Return verbatim the lines that run from the one holding "McCall’s 8585 is" to the end of the listing, both ends included, without the pictures.

• **THE DATA**
=== Begin Enclosure ===
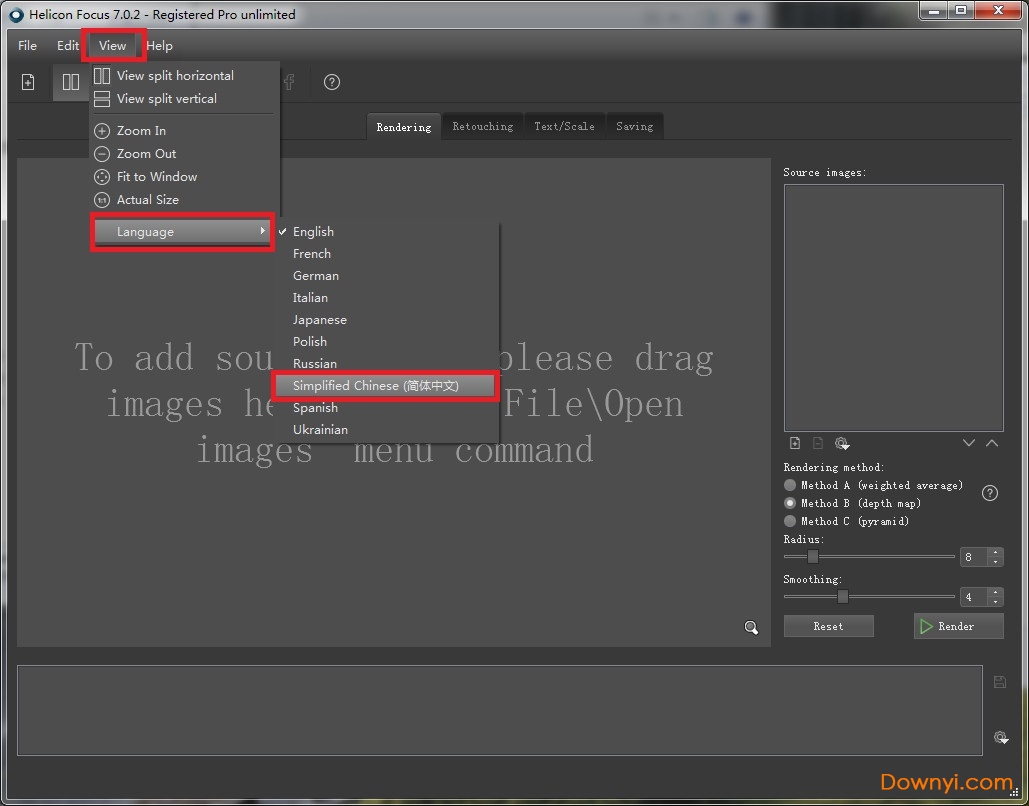 2、“渲染”选项卡是Helicon Focus的起始点和主要工作区,这里用于打开源文件,设置焦点堆叠参数,启动渲染并预览结果,图中排列了各项工具栏的位置。
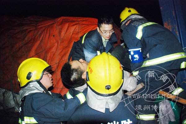 在现场,前面的货车司机在事故中没有受伤,后面货车车头则在事故中被夹扁,司机受伤被困在驾驶室内,不时发出惨痛的呻吟声,副驾驶室的女乘客膝盖以下被卡死在变形的车内,身上多处受伤,情况十分危急。
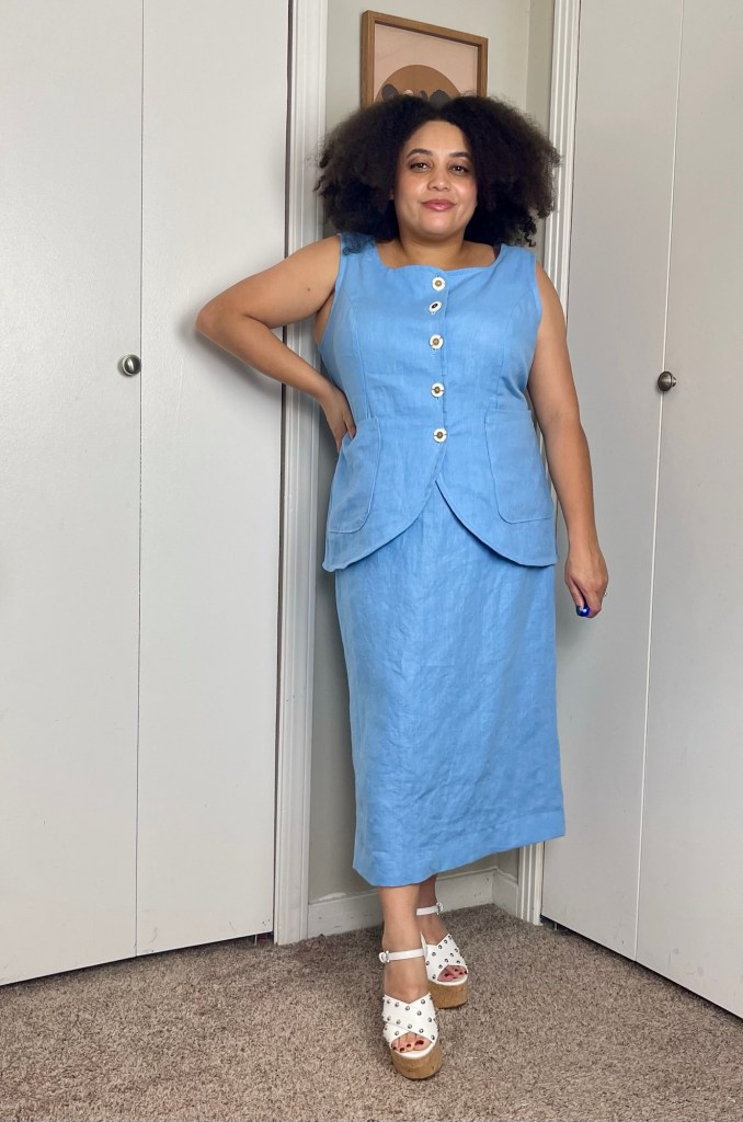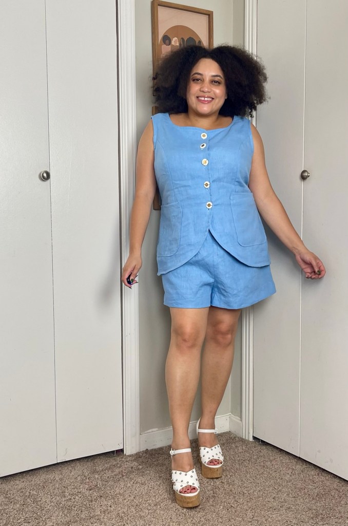 McCall’s 8585 is from the Summer McCall’s line and it includes the trendy jewel collar vest that has been everywhere. Plus a maxi skirt with an open split in the back and a pair of shorts.
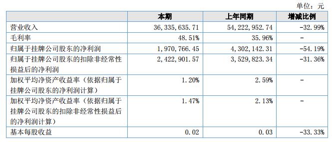 報(bào)告期內(nèi),公司實(shí)現(xiàn)營(yíng)業(yè)收入36,335,635.71元,同比下降32.99%;報(bào)告期內(nèi)公司實(shí)現(xiàn)凈利潤(rùn)1,930,699.62元,同比下降54.67%。?
=== End Enclosure ===
• **PROBLEM SOLUTION**
 McCall’s 8585 is from the Summer McCall’s line and it includes the trendy jewel collar vest that has been everywhere. Plus a maxi skirt with an open split in the back and a pair of shorts.
 報(bào)告期內(nèi),公司實(shí)現(xiàn)營(yíng)業(yè)收入36,335,635.71元,同比下降32.99%;報(bào)告期內(nèi)公司實(shí)現(xiàn)凈利潤(rùn)1,930,699.62元,同比下降54.67%。?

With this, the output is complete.